Moodle’s MySQL Keeps Going Down
If you’re not interested in Moodle or troubleshooting MySQL problems, than you probably don’t want to read this post. I however wanted to write some notes for myself and need it to be portable. Since that’s technically the purpose of this blog, I figured I should put it here.
Recently Nagios started informing me that HTTPS was going down infrequently (but started to become more frequent).
***** Nagios *****
Notification Type: PROBLEM
Service: HTTPS
Host: Moodle Server
Address: 123.456.78.912
State: CRITICAL
Date/Time: Fri Aug 28 01:06:50 EDT 2009
Additional Info:
CRITICAL – Socket timeout after 10 seconds
What was strange was that HTTP wasn’t going down. I felt like Nagios was lying to me so I figured I would have to wake up late at night (early in the morning?) and catch it lying to me. To do this I decided I’d try to figure out if my cellphone had an email to associate to text messaging. Mine wasn’t working so I had to talk to Sprint about it.
In the mean time though, it was still going down. Luckily last night at 4am I randomly woke up. I ran downstairs (imagine kid at Christmas…but like a reverse Christmas) and fired up the laptop. Sure enough when I went to the Moodle homepage I saw this:
Error: Database connection failed.
It is possible that the database is overloaded or otherwise not running properly.
The site administrator should also check that the database details have been correctly specified in config.php
Now in hindsight, there were so many things I could have done at this point. But it was 4am and my house was freezing so I made some mistakes.

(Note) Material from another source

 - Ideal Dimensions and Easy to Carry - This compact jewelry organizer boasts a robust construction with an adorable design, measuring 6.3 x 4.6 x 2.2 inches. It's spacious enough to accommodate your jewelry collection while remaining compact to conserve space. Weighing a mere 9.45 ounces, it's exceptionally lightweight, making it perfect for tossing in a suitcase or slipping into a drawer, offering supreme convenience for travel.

The first thing I did was restart Apache. It appeared to be running and the restart didn’t throw any errors, but it didn’t fix the problem either. Next I “turned off SSL”. I was able to get to the error page without the HTTPS so I determined at this point that Nagios clearly was lying to me, something else was wrong (p.s. i am thankful to Nagios for telling me that something was wrong). So then I decided that maybe it was a database problem. I went into MySQL and was able to access the Moodle database and do a “show tables;”. So I thought at that point I should restart MySQL, in hindsight there are so many other things I should have done first, but I will document those below. A restart of MySQL fixed the issue.
So what will I do next time (and yes…there will be a next time):
1) run top on the server: See if MySQL is hogging the CPU. This could lead you to a number of options.

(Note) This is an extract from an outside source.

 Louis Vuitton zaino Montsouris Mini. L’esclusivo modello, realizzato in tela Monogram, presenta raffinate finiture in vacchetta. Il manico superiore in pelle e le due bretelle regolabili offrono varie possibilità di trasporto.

2) check the mysql-slow-queries.log: I set up the mysql option log-slow-queries. this in conjunction with the long-query-time option will log any query that takes over a certain amount of time (default is 10s).

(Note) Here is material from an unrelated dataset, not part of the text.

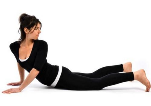 «Поворот кобры» проводится в горизонтальном положении. С упором на носки и выпрямленные руки при ширине стоп в 30-40 см. Производится прогиб в пояснице с разворотом головы влево и вправо до возможности рассмотрения пяток. Работает все тело выше талии. Таз и ноги лежат неподвижно. Рекомендуется произвести по 12 поворотов.

3) show mysql processlist: If you haven’t set up the log slow queries option this might also be helpful in determining what mysql is doing. Here is a brief explaination of show processlist and its companion of kill <processid>. I also found this handy script that you could set up as part of a cron to kill any runaway processes.
4) query is poorly written: I’ve found a number of reports that MySQL queries are poorly written in Moodle and that these can cause the CPU usage to top out at %100 which causes Moodle to be unusable. Below are a few Moodle Tracker reports of this:
To see if this is the case with your Moodle use the slow query logging (or just the plain old query logging) with a backup of your database to see if you can replicate the problem somewhere else. If you can the problem is probably the query and maybe you can figure out a way to rewrite the query (or get it rewritten) to see if that fixes the problem.
5) check your persistent db connection: Check to see if you have persistent database connections set up in the Moodle config.php file and in the php.ini file. If you do, turn it off and see if this solves the problem. it may be that your connections aren’t closing and they are killing your database regularly.
6) check your max connections: Are the maximum number of Apache connections greater than your maximum number of MySQL connections? If so that might be a problem. Basically users could get to the website but then when they go to request something in the database they can’t because the # of connections are taken up. I have a feeling though that this may be a completely different error than what I was experiencing (people…including myself…really need to take screenshots or document errors better).
7) check your MySQL performance: Perhaps you haven’t configured Moodle right. Take a look at these performance tuning tips to see if you can get it working better.
8) check your database tables: Stop mysqld and run a check on your Moodle tables. See if some of the tables are corrupted, if they are fix them.
So if you’re wondering what I’m doing at 4am tomorrow, there’s the list. Wish me luck.